One way out is to sell the home and rent, another is to take out a reverse mortgage - a loan where there is no obligation to make repayments of principal or interest.
I like reverse mortgages, if they are used properly, but, as one man I will call Ted, found out, it's very easy to get caught. He and his wife took out a reverse mortgage in 2007 with a limit of $40,000 and drew it down by instalments to minimise the interest. To protect himself from rate rises he took an interest rate of 9% "fixed for life".

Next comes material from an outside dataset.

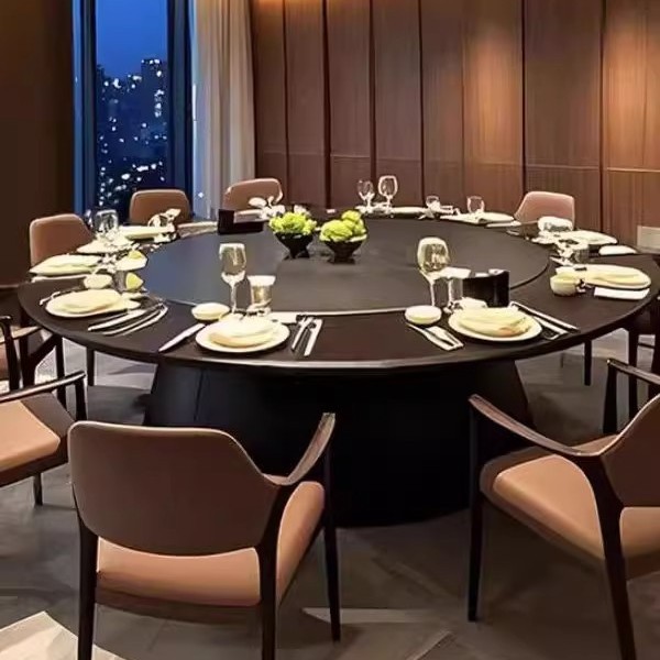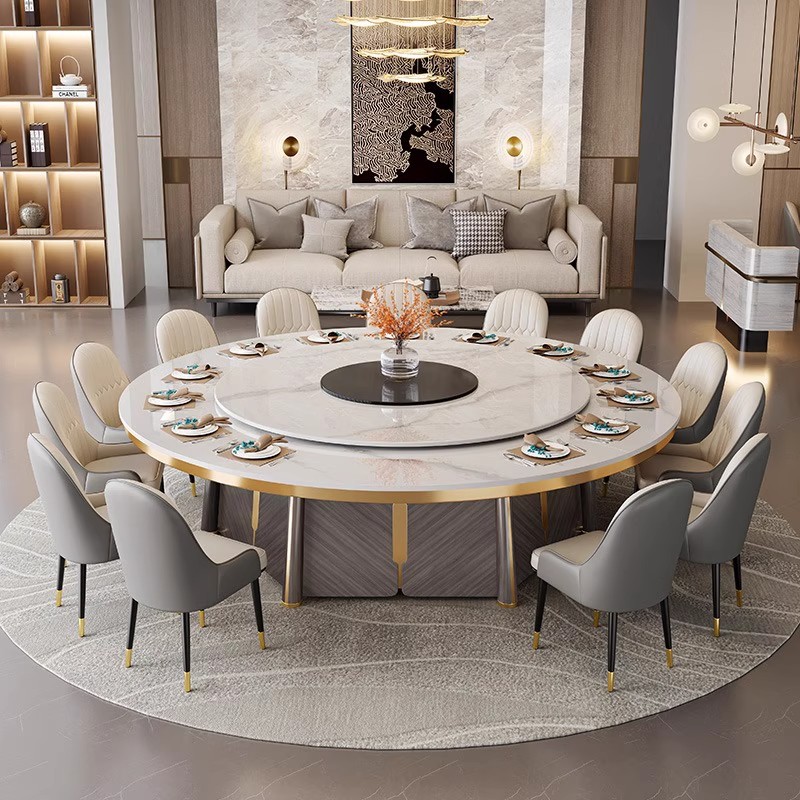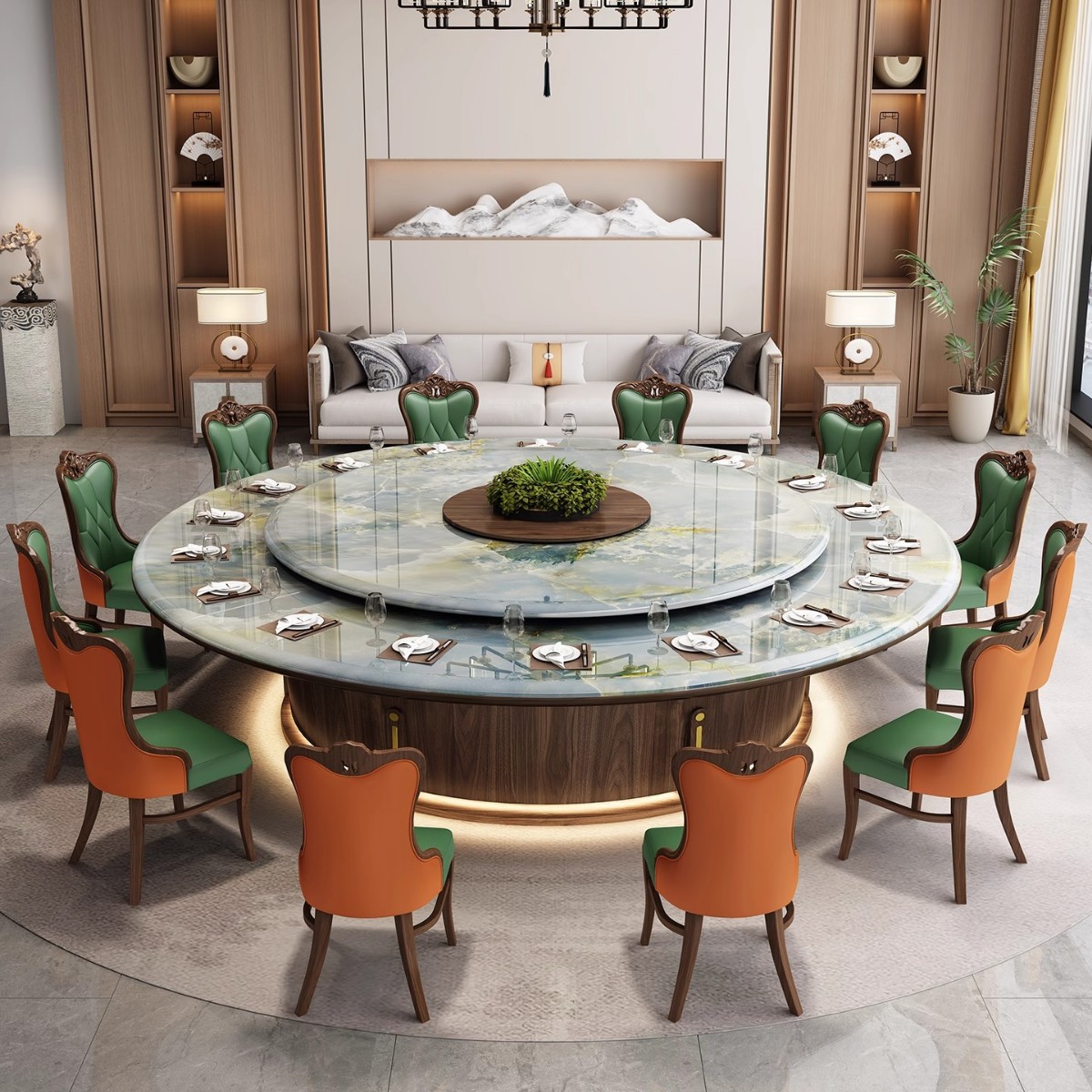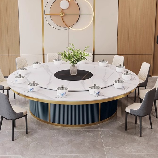 ホテルの高級大型ラウンドテーブル自動スレートターンテーブルホテルレストランボックスクラブ15人用20人用電磁調理器ダイニングテーブル

By 2011 the debt had grown to $47,000, which seemed reasonable in the circumstances, but things took a turn for the worse when his wife died and he decided to move to a more suitable property
This involved paying out the loan but he was horrified to discover that the reverse mortgage provider wanted a "break fee" of $35,000 in addition to the sum owing. This turned a $47,000 debt into an $82,000 debt.
This was the price of fixing the interest rate.
If rates had gone in the other direction the breaking of the loan contract might have worked in his favour - he may have got a refund.
So what are the lessons here for anyone who has to resort to a reverse mortgage? In hindsight, the biggest risk Ted took was the fixed rate loan, which means that retirees may well be safer with a variable rate than a fixed one. If a variable rate is chosen, borrowers should delay drawing down the mortgage for as long as possible to minimise interest and to reduce the potential term of the loan.
Also, the essence of a reverse mortgage is it enables the parents to spend money that would normally be left to their children. If the children can afford it, they should chip in and pay the interest on their parents' loan, so the debt does not increase.